オンライン診療の「LINEドクター」

久保貴史氏:LINEヘルスケアのサーバーサイド開発について紹介したいと思います。みなさん聞いてばかりだったと思うので、ちょっと頭の体操として、LINEヘルスケアはどんなところをやっているか? みたいなところをイメージしながら聞いてもらえればと思います。

とりあえず、まずは僕の自己紹介です。すみません、エンジニアのインタビュー写真のあるあるで、手を構えた感じになっていますが、久保と申します。ヘルスケア開発2チームでマネージャーをやっています。

自己紹介については、書いてあることをサーっと読んでいただければなと思うのですが、今はLINEヘルスケアの開発をやりながら、どんどん良いプロダクトを作るためにがんばっています。

先ほどお話しした、ヘルスケアって何ぞや? というところで、事業のお話をします。ヘルスケアという一言だと、すごく広義なので、私たちの事業ではこのように、オンラインとオフラインでいくつか事業領域を定義しています。オンラインとオフラインをマージした世界、OMOの世界で実現していくのを今事業として進めています。

一番注目されているプロダクトとしては「LINEドクター」というのがあります。2020年の12月にリリースされたプロダクトなので、LINEギフトや出前館と比べると、若いプロダクトなんですが、2020年にローンチしました。

オンライン診療のLINEドクターなんですが、クリニックの検索から予約までをすべてLINE上で、スマホ1つでできるというところ。また、実際に診療をお医者さんとLINEのビデオ通話でお話しして、決済まで完了します。

なので、スマホ1つでクリニックの検索から診療、決済までが一気通貫でできるサービスを提供しています。

ダイヤモンドプリンセス号のクラスターで利用

LINEヘルスケアの事業領域をいくつか簡単に説明します。オンライン健康相談というのがあって、一番わかりやすいのが2021年の2月ですかね、ダイヤモンドプリンセス号でコロナが発症してしまって、クラスター化したお話に対して、各患者さんと乗船しているお客さまにスマートフォンを配って、遠隔でも医者と相談できるようなかたちでサービスを提供しました。

あとBtoBソリューションに関しては、ヘルスケアという領域では、例えば保険会社であったり、製薬会社であったり、医療機関など、複数のBtoBでサービスを展開しています。LINEのプラットフォームを使ったサービスも担っています。

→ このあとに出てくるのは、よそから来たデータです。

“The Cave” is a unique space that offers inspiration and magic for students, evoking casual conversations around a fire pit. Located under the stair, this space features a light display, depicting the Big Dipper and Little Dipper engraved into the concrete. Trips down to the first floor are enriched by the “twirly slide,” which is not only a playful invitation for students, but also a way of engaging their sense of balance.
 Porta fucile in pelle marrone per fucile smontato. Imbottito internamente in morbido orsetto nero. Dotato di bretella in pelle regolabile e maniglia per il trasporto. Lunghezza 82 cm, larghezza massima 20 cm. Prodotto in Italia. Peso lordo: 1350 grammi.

先ほどのLINEドクターでお話したオンライン診療を担い、現在リリース予定であるオンライン服薬指導、薬局とお薬という部分と、実際に薬の配送というところを現在開発しています。

LINEヘルスケア開発室のミッション

ではLINEヘルスケアの開発室はどういうところかについてお話しします。LINEヘルスケア開発室のミッションですが、実はヘルスケア市場とは言われていますが、それほど温まっていない部分も多いです。

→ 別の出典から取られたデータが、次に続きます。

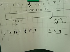↓ 2年算数 長い長さを1mものさしで実際に測定しました。竹物差しには数字が書かれていないので、初めは長さを測るのに少し戸惑いましたが、徐々に慣れてきました。生活の中で、長さの感覚をつかむことが、このような学習で培われていきます。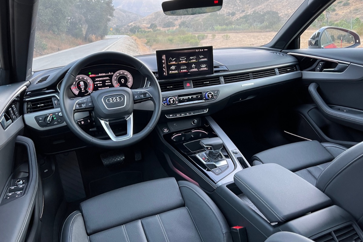 The A4 uses Audi’s efficiency-focused Quattro Ultra AWD system. It powers the front wheels unless the driving situation warrants power transfer to the rear wheels. During enthusiastic mountain driving, we thought we could feel the rear-end digging in as we accelerated out of curves, but it’s not as visceral a sensation as the traditional Quattro system with a sport differential.

ないので、オンラインとオフラインを融合したOMOの実現と、顧客視点で「良いプロダクトとは?」というところを探究し続けて、テクノロジーでプロダクト成長を加速させることがミッションになっています。

特にここでこだわっているキーワードとしては、“加速させる”というところですね。私たちのテクノロジーは、あくまで技術やツールとしてよく使われるので、事業全体を引っ張っていったり、ドリブンさせるという意味も込めて、私個人的に熱い思いを持って、“加速させる”という言葉を使っています。

今現状、LINEヘルスケアの開発室にはチームが3つありまして、1チーム目がオンライン診療をやっています。2チーム目がオンライン服薬指導と薬の配送、私のチームですが、そこをやっています。3チーム目がヘルスケアプラットフォームというところで、LINEヘルスケアにおけるプラットフォームの開発を進めています。

LINEヘルスケアならではのおもしろいところ

LINEギフトや出前館と、開発の進め方がほとんど同じなので、LINEヘルスケアならではのおもしろいところを紹介します。

LINEヘルスケアは、先ほどあったように、まだまだ若いプロダクトで、ここ最近開発を始めたので、すでに最初からマイクロサービスアーキテクチャを前提に考えて、スクラムで事業と開発が一体となって進めています。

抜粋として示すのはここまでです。